If (x-2) and (x+2) are factors of 6x^3+ax^2+bx+16, determine a and b, and any remaining factors.?

Let f(x) = 6x³ + ax² + bx + 16

(x - 2) is a factor of f(x). Then, f(2) = 0
6(2)³ + a(2)² + b(2) + 16 = 0
2a + b = -32 …… [1]

(x + 2) is a factor of f(x). Then, f(-2) = 0
6(-2)³ + a(-2)² + b(-2) + 16 = 0
2a - b = 16 …… [2]

[1] + [2]:
4a = -16
a = -4

[1] - [2]:
2b = -48
b = -24

f(x) = 6x³ - 4x² - 24x + 16
= 6x³ + 12x² - 16x² - 32x + 8x + 16
= (6x³ + 12x²) - (16x² + 32x) + (8x + 16)
= 6x²(x + 2) - 16x(x + 2) + 8(x + 2)
= (x + 2)(6x² - 16x + 8)
= 2(x + 2)(3x² - 8x + 4)
= 2(x + 2)(x - 2)(3x - 2)

The answers:
a = -4 and b = -24
Remaining factors: 2 and (3x - 2)

(x - 2) * (x + 2) = x^2 - 4

(x^2 - 4) * (mx + n) = 6x^3 + ax^2 + bx + 16
mx^3 + nx^2 - 4mx - 4n = 6x^3 + ax^2 + bx + 16

mx^3 = 6x^3
m = 6

nx^2 = ax^2
n = a

-4mx = bx
-4m = b
-4 * 6 = b
-24 = b

-4n = 16
n = -4
a = -4

a = -4 , b = -24

Put f(x) = 6x^3+ax^2+bx+16;
Given : (x-2) & (x+2) are both factors of f(x);
Therefore (x-2)*(x+2) = (x^2-4) is a factor of f(x);
Then there exists a linear factor g(x) = (px + q) such that (x^2-4)(px +q) = f(x). Now
(x^2-4)(px+q) = px^3+qx^2-4px-4q = 6x^3+ax^2+bx+16. Equating coefficients of like
powers of x gives p = 6, q = a, -4p = b, -4q = 16. Then q = a = -4 and b = -24. Then
g(x) = (6x-4), f(x) = 6x^3 -4x^2 -24x +16 = (6x-4)(x^2-4) = 2(x+2)(3x-2)(x-2). I have
deliberately lined up the factors containing the zeros of f(x) in ascending order.  which are -2, 2/3, 2. 

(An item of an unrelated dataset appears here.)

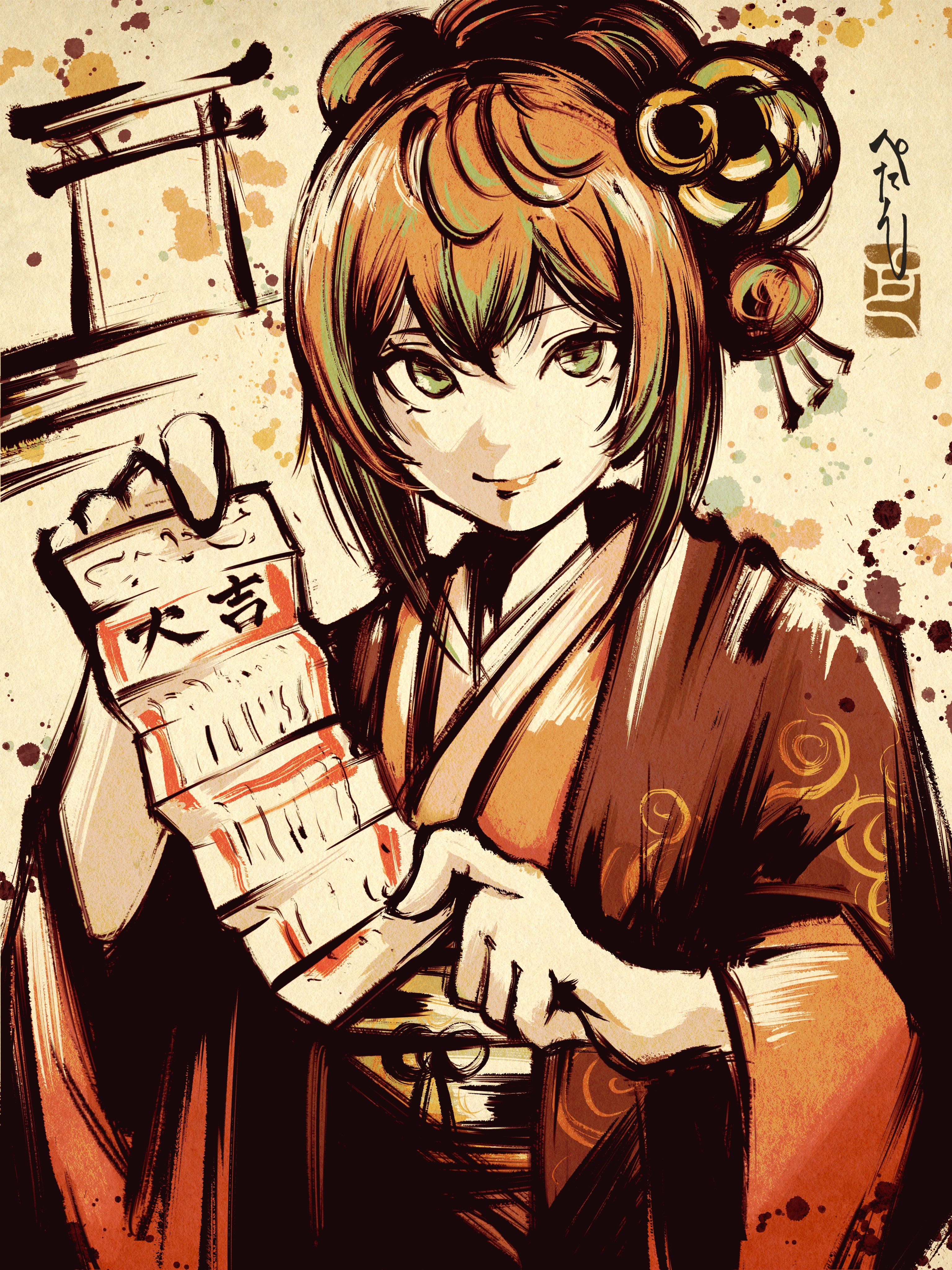 brown hairgreen hairink wash paintingjapanese clotheskimonomulticolored hairsolostreaked hairtwo-tone hairupper body

6x^3+ax^2+bx+16=0. x=2 is aroot, Put it 6*8+4a+2b+16=0
4a+2b=-48-16=-64.
Now put x=-2
-48+4a-2b+16=0. This gives 4a-2b=32
2a+b=-32, 2a-b=16, Add the two. 4a=-16, a=-4,
For b use the first equation. -8+b=-32. b=-24. Please check the result.